The Shadow Queen (Ravenspire, #1)(78)
Irina’s skin grew cold, and a finger of ice slid down her spine.
She needed answers about Lorelai’s birth—about the magic that ran through the princess’s veins—and there was only one person who could give them to her.
Her stomach roiled, and her heart beat in sharp, uneven bursts.
It was time to face what lay beneath the garden’s monolith.
She swept through the hushed hallways of the castle, Raz clinging to her neck, and kept her expression cold and forbidding as her pulse tapped a frantic rhythm against her skin. She ignored the maids who ducked out of her path, the nobility who turned as if to speak to her, and the pages who scrambled to open doors before their queen reached them, and ignored as well the thread of fear that trembled along her spine. Her guards walked behind her, their hands on the hilts of their swords.
She burst into the castle’s entrance hall, barely sparing a glance for gleaming floor that had once been covered in blood and destruction.
She had no time for sentimentality. No room for the ache of loss and betrayal.
A page threw open the castle’s front entrance, and Irina strode through, her spine straight and her head held high, though she shook as the chill of the early morning air settled against her exposed skin.

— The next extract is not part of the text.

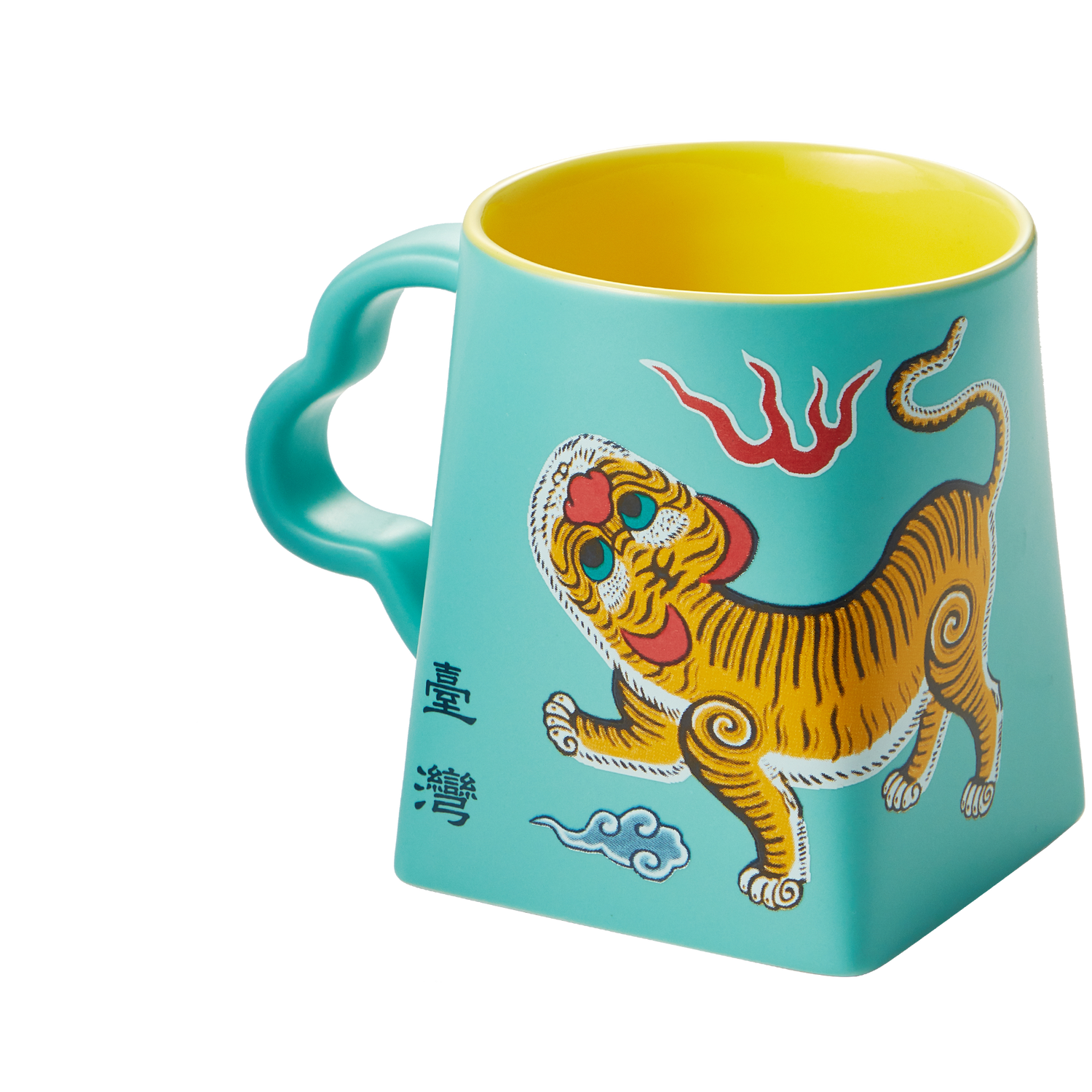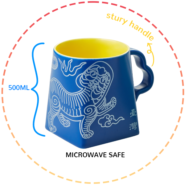 "Valiant as the Heaven" pays homage to the spirited legacy of the Republic of Formosa with its design inspired by the 1895 Yellow Tiger Flag. This mug set features a bold yellow tiger against a serene blue background, embodying the undaunted spirit and noble dignity of Taiwan through the ages. The tiger, marked with the Chinese character “王” for "king," symbolizes the island's fearless vitality amidst historical turmoil. Crafted using advanced dual-color glaze technology, this set achieves a sharp delineation between hues, enhancing the dynamic portrayal of the tiger amidst clouds, flames, and ocean waves. Lincentury's meticulous craftsmanship is evident in the matte glaze finish, offering a silk-like texture that is both visually stunning and pleasant to touch, representing a modern tribute to the resilience and enduring spirit of the Taiwanese people.

“Your Highness, perhaps a coat would be in order?” her guard asked.
She ignored him.
The path to the garden lead down the front drive and then cut to the left and wrapped around the western turret. The monolith glowed beneath the morning sun, and the starpetals that blossomed around it reminded Irina of blood against snow.
Tatiyana’s blood.
Tatiyana, who no longer had a voice to speak or a will to overcome, but whose heart still lingered in her bones and would give Irina the answers she sought.

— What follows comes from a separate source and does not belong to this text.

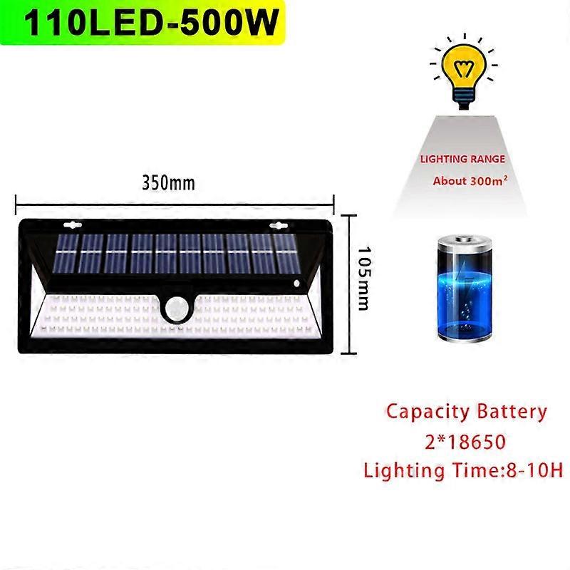 Solar-powered 110 Led Motion Sensor Wall Light, 8800mah, Waterproof Outdoor

If she could stand to see what else her sister’s heart contained.
“Leave me,” she said to her guards as she forced her steps toward the monolith.
Her steps slowed as she left the crushed stone path to walk on the circle of midnight black dirt that surrounded the monolith. The starpetals seemed to reach for her, their sharp edges eager for a taste of her blood. She bent to allow Raz to slither onto the ground, and then parted the starpetals with her hands, heedless of the tiny thorns that left cuts scattered across her skin.
Her heart beat faster, and her breath came in sharp, unsteady bursts as she sank to her knees on the rich, black dirt, crimson flowers latching on to her hair and the sleeves of her dress. Facing the glittering white edifice that marked her sister’s grave, she gathered her remaining strength, ignoring the weariness that was already pulling at her, and plunged her hands into the soil.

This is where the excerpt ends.